Timestamp Columns for Validity Intervals: One common approach is to utilise two timestamp columns to denote validity intervals. This method is widely used as it enables tracking of when a change occurred and facilitates effective time window analysis. By recording both the start and end timestamps, it becomes easier to understand the duration of each data version.

In SCD Type 2, a new record is created when a change occurs. Historical records are preserved - Source: Author — In SCD Type 2, a new record is created when a change occurs. Historical records are preserved – Source: Author

Effective Date and Flag Columns: Another approach combines the use of two columns; an effective date column indicating when a change took effect and a flag column indicating the record’s current validity status.

SCD Type 3: Add new attribute

SCD Type 3 tracks changes in a dimension by introducing a new column to preserve limited historical data. Specifically, this type can capture one change per record.

In SCD Type 3, a new attribute is created when a change occurs. Historicity is retained only for one change.

Unlike the previous types discussed, SCD Type 3 maintains the same natural and surrogate keys for records that have undergone changes in at least one attribute.

This method is particularly useful in scenarios where the primary key must remain unchanged and correspond to a single natural key. Additionally, SCD Type 3 is suitable when only one-time changes need to be recorded, or when it’s guaranteed that a record will not undergo multiple updates.

SCD Type 4: History Tables

Dimensions conforming to SCD Type 4 are stored across two distinct tables. The first table maintains the current state of records, while the second table, known as the history table, preserves all past changes that are no longer valid.
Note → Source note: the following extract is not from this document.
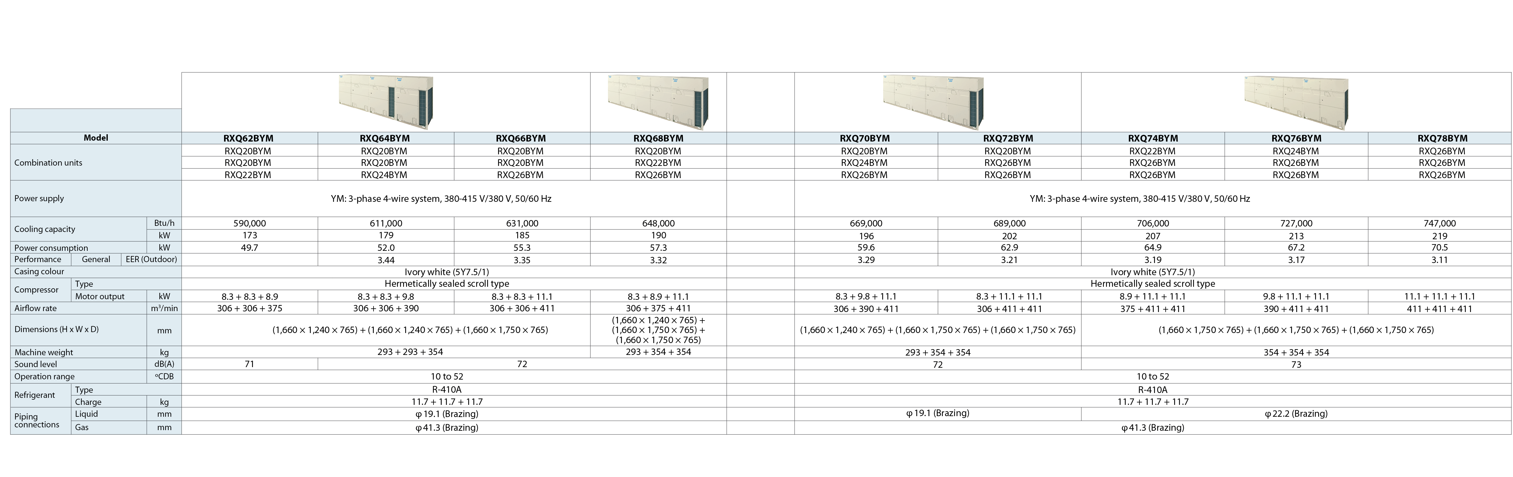 In addition to the conventional combination of two casings, a new large single unit for 22, 24, 26 HP has been added,expanding the range of multiple outdoor units up to 78 HP.

Additionally, the history table includes an extra attribute to denote the timestamp when each record was created.

Returning to our example, whenever a change occurs, the latest record is updated in the main table, while an entry is appended to the history table along with the effective timestamp attribute.

In SCD Type 4, current and historical states of a record are persisted in two distinct tables - Source: Author — In SCD Type 4, current and historical states of a record are persisted in two distinct tables – Source: Author

Unlike SCD Type 2, where historical records are managed by adding new entries to the dimension table, SCD Type 4 addresses the scalability issue posed by rapidly changing dimensions.

In this approach, columns expected to undergo frequent changes are relocated to a separate history table.

Implementing Slowly Changing Dimensions in a Data Warehouse

In the context of Data Warehouse design, early consideration of Slowly Changing Dimensions modeling is crucial. As highlighted previously, the effective capture of historical changes within dimensions significantly influences an organisation’s analytical capabilities.

Selecting the appropriate SCD type is not a one-size-fits-all decision; it hinges on both business and technical requirements. Therefore, the initial step is to identify dimensions that require historical retention. While some dimensions may not require capturing changes, others demand the preservation of historical records.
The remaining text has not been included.